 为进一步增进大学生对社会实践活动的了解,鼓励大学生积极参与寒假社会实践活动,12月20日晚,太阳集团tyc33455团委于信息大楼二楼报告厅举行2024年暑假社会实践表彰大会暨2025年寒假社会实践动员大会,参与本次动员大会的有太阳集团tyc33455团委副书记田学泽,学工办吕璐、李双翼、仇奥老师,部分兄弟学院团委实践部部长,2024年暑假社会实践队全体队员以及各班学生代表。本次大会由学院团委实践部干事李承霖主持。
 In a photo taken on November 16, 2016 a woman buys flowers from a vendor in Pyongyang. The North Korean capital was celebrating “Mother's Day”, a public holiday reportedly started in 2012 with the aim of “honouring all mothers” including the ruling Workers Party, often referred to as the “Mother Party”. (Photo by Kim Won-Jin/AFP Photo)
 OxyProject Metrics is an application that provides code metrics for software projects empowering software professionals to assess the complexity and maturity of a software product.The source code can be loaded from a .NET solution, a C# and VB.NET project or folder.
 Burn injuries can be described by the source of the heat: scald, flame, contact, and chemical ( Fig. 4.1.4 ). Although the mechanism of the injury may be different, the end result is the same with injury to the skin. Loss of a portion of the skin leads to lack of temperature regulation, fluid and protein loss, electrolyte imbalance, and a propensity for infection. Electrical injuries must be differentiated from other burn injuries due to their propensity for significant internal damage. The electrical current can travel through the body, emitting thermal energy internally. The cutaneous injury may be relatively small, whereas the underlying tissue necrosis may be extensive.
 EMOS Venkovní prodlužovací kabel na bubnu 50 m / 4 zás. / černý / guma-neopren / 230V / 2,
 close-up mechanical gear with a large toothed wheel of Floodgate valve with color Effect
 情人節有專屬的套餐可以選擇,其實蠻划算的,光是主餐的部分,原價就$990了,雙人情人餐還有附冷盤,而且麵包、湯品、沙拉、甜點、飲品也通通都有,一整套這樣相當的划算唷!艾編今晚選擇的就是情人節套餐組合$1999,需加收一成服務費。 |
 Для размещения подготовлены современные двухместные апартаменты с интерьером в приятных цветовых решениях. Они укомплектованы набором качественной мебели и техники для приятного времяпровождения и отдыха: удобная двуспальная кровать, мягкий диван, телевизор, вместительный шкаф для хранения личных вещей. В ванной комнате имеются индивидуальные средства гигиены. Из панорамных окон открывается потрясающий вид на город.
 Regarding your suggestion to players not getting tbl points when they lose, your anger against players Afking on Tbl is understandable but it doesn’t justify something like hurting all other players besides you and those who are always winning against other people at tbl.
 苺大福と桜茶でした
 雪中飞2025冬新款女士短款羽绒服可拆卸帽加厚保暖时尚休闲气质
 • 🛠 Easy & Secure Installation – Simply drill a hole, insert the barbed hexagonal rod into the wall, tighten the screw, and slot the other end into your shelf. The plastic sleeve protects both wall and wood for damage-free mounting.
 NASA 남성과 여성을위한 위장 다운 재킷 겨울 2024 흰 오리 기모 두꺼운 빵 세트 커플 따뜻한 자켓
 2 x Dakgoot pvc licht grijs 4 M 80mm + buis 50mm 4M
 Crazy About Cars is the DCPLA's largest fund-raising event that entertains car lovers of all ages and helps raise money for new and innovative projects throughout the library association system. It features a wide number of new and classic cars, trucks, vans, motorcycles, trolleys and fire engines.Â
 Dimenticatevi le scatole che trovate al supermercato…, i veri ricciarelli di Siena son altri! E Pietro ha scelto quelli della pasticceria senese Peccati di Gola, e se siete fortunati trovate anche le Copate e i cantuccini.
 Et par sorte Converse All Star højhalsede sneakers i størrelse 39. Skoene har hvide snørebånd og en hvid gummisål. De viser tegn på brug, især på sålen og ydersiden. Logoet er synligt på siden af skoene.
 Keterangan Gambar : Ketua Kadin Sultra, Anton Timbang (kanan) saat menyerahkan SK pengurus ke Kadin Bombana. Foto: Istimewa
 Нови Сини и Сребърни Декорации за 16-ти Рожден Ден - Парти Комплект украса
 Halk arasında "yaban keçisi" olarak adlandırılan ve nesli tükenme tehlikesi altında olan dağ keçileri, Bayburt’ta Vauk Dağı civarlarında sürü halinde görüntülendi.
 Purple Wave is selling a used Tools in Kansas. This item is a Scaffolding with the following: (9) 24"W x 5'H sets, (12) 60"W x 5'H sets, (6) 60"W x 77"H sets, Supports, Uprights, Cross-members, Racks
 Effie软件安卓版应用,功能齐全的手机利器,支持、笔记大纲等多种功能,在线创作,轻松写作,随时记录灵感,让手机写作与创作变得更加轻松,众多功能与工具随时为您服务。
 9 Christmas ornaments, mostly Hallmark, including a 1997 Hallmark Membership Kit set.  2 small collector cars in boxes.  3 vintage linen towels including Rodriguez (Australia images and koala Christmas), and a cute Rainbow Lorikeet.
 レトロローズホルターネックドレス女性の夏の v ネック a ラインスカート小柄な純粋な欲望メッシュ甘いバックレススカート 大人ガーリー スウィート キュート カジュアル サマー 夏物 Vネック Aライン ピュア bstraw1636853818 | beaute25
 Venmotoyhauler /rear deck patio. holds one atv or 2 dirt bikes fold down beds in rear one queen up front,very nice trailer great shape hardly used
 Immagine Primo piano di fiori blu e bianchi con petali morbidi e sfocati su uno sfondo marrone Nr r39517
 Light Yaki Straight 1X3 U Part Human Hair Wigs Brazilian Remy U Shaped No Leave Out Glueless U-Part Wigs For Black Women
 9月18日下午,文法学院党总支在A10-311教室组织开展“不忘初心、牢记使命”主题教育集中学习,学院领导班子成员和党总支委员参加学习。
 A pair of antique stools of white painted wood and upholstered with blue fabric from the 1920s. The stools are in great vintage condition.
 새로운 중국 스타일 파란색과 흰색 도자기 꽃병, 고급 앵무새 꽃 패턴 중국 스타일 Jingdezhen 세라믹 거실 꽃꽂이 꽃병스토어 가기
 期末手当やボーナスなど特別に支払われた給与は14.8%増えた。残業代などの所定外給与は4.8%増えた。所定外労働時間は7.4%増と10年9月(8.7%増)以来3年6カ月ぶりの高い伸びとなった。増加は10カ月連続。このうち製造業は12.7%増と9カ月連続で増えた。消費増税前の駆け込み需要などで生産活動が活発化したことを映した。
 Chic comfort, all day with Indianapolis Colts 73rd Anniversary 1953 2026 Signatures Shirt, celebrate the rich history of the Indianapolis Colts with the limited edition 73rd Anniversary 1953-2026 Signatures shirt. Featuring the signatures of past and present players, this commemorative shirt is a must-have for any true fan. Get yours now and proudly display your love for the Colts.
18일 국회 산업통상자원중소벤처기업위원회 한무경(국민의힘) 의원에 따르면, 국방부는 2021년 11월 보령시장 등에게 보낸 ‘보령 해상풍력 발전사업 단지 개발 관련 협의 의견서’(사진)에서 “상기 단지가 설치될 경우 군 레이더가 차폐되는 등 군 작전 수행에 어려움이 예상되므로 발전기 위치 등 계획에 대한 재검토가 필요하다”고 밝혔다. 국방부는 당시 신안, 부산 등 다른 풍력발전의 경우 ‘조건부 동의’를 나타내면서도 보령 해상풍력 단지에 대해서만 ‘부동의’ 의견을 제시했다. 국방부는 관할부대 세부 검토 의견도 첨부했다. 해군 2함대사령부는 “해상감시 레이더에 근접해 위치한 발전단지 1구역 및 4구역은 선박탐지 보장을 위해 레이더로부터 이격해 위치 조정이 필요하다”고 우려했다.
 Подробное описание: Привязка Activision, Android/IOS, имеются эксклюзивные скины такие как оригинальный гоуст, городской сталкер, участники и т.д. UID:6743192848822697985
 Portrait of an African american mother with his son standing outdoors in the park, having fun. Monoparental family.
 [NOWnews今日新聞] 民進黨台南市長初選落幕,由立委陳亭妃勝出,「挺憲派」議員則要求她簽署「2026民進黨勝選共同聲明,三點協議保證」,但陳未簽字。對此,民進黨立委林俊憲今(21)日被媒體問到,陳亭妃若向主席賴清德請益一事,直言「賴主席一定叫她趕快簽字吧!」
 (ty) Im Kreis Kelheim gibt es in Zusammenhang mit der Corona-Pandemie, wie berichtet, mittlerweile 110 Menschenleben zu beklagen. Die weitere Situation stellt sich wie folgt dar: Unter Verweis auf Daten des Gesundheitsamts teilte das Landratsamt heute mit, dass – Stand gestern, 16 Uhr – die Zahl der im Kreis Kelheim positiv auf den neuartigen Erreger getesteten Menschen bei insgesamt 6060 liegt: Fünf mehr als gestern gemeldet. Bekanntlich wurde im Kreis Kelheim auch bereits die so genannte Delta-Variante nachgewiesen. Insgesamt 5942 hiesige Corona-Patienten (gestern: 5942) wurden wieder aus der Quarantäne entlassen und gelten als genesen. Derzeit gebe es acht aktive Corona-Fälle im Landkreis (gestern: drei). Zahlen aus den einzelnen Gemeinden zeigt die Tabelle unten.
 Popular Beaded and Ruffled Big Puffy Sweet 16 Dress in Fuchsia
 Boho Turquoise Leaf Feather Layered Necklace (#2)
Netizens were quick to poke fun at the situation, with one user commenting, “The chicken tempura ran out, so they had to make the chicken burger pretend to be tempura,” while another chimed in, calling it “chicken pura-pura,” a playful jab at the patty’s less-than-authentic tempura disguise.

### HOW TO COMPLETE THIS TASK
Search term "cars": count the lines of the listing in which it appears, and give the number with nothing further.

### YOUR RESPONSE
2